■ **EXERCISE DIRECTIONS**:
Copy nothing but the text: reproduce each line of the listing exactly and leave the pictures out.

■ **INFORMATION SUPPLIED**:

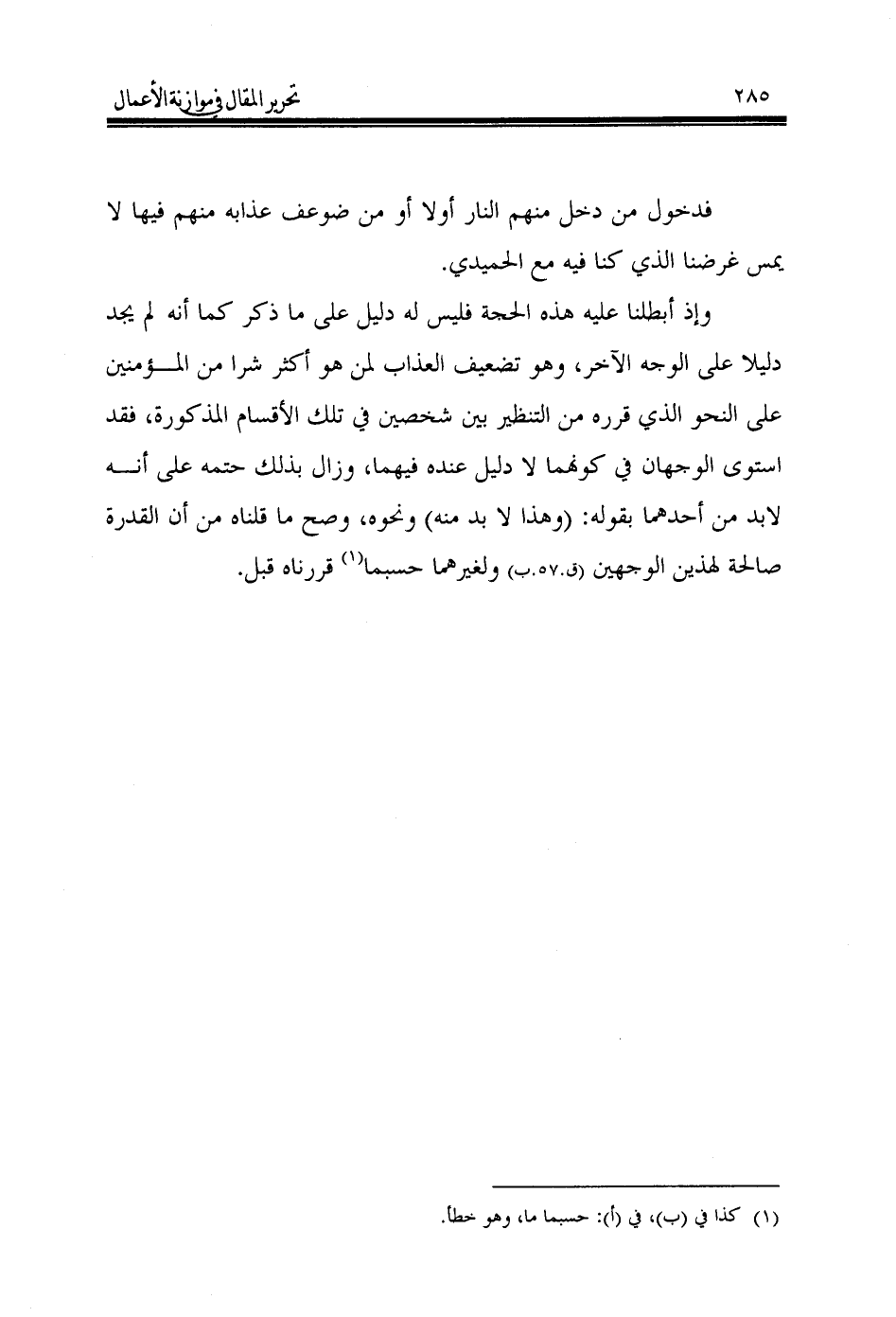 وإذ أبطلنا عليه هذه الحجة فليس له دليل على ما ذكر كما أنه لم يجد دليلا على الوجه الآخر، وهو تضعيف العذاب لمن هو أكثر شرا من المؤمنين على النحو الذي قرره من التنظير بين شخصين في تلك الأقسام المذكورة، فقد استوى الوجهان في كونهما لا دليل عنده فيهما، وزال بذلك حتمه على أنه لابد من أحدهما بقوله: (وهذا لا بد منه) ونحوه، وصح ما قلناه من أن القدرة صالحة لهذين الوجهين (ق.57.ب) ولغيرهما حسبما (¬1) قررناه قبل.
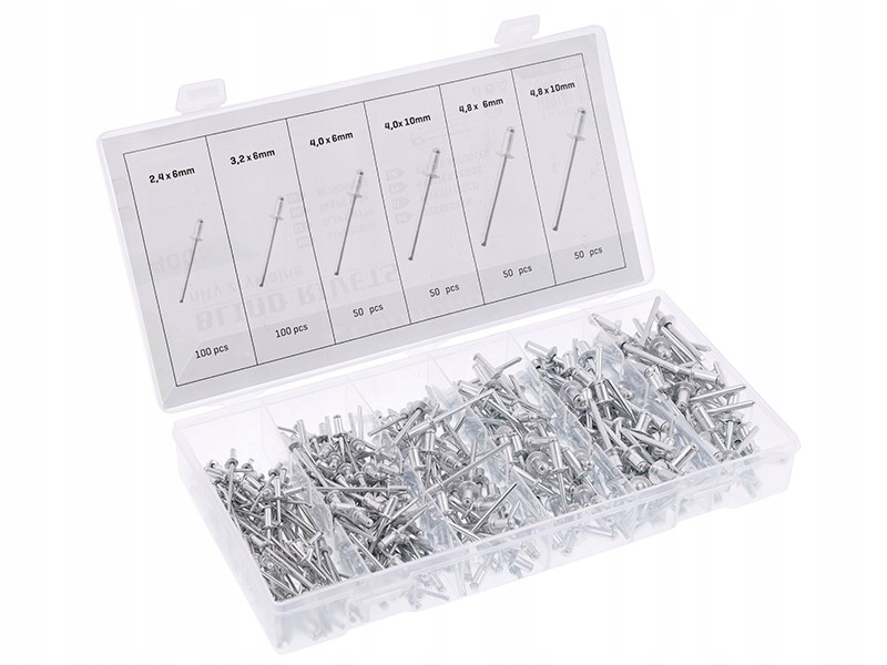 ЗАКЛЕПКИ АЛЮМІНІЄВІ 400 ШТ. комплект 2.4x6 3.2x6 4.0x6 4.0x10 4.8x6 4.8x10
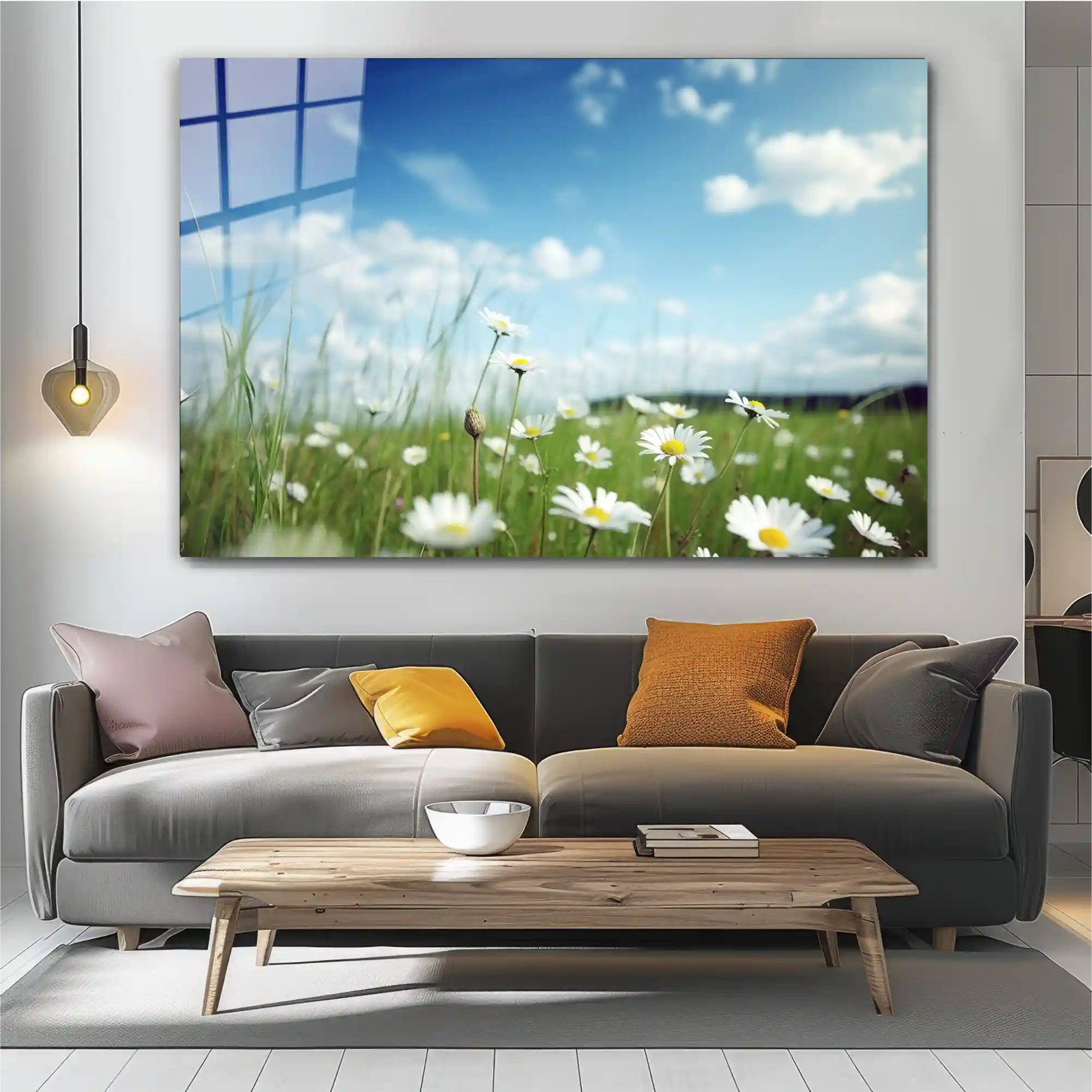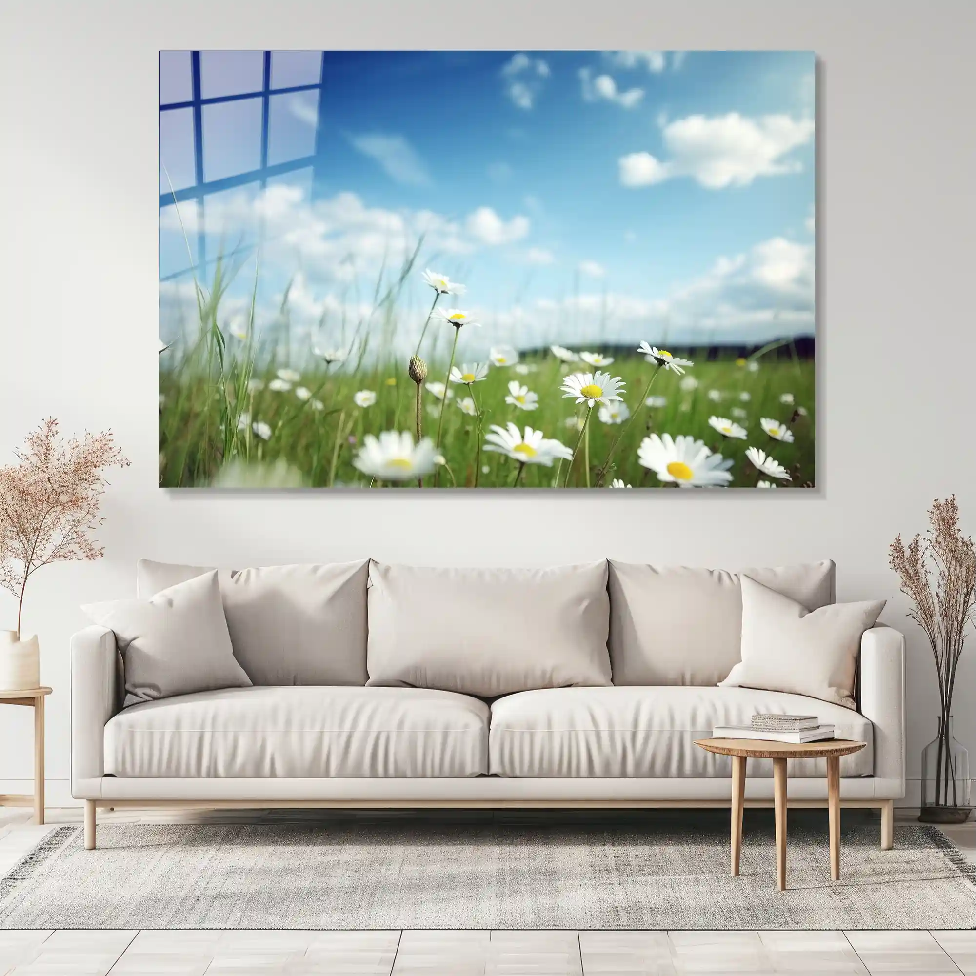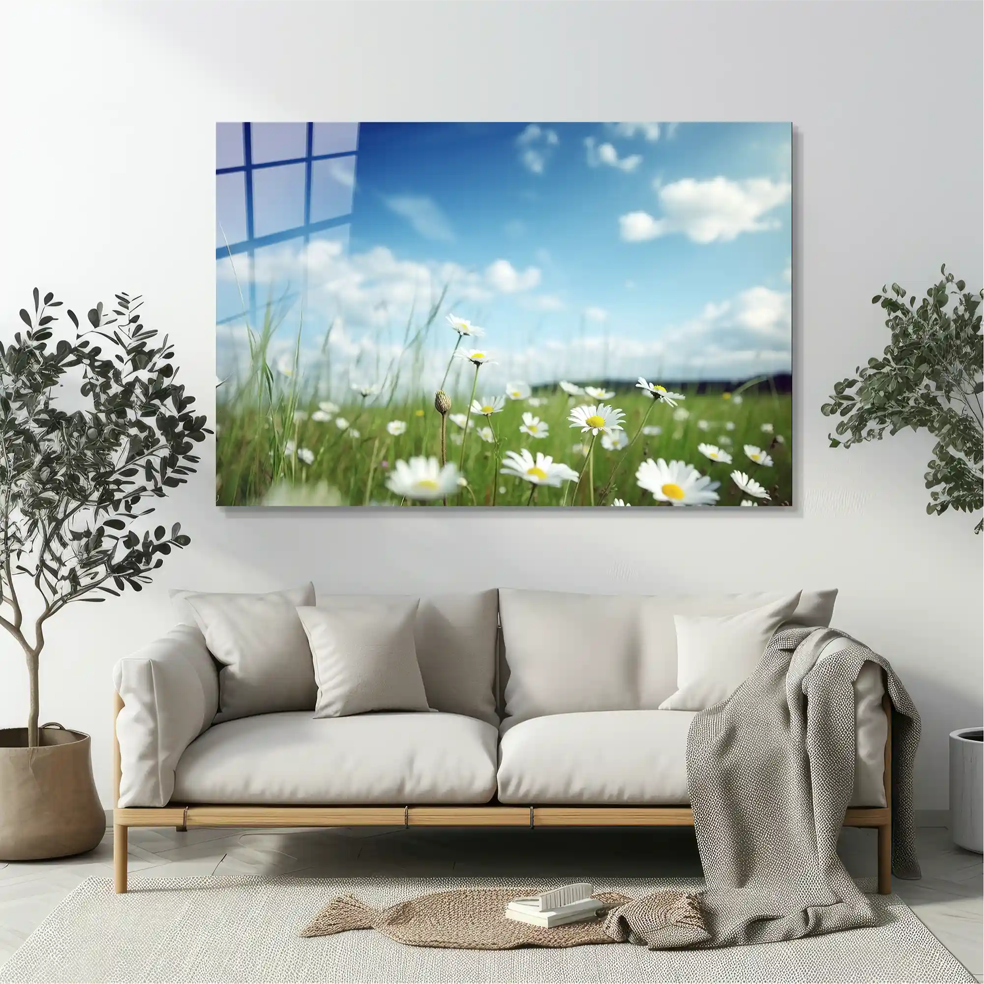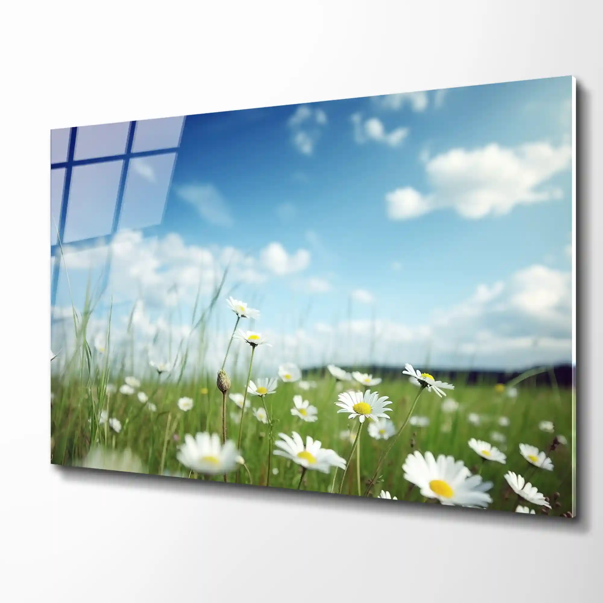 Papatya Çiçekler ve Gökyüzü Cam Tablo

■ **EXPECTED ANSWER**:
 وإذ أبطلنا عليه هذه الحجة فليس له دليل على ما ذكر كما أنه لم يجد دليلا على الوجه الآخر، وهو تضعيف العذاب لمن هو أكثر شرا من المؤمنين على النحو الذي قرره من التنظير بين شخصين في تلك الأقسام المذكورة، فقد استوى الوجهان في كونهما لا دليل عنده فيهما، وزال بذلك حتمه على أنه لابد من أحدهما بقوله: (وهذا لا بد منه) ونحوه، وصح ما قلناه من أن القدرة صالحة لهذين الوجهين (ق.57.ب) ولغيرهما حسبما (¬1) قررناه قبل.
 ЗАКЛЕПКИ АЛЮМІНІЄВІ 400 ШТ. комплект 2.4x6 3.2x6 4.0x6 4.0x10 4.8x6 4.8x10
 Papatya Çiçekler ve Gökyüzü Cam Tablo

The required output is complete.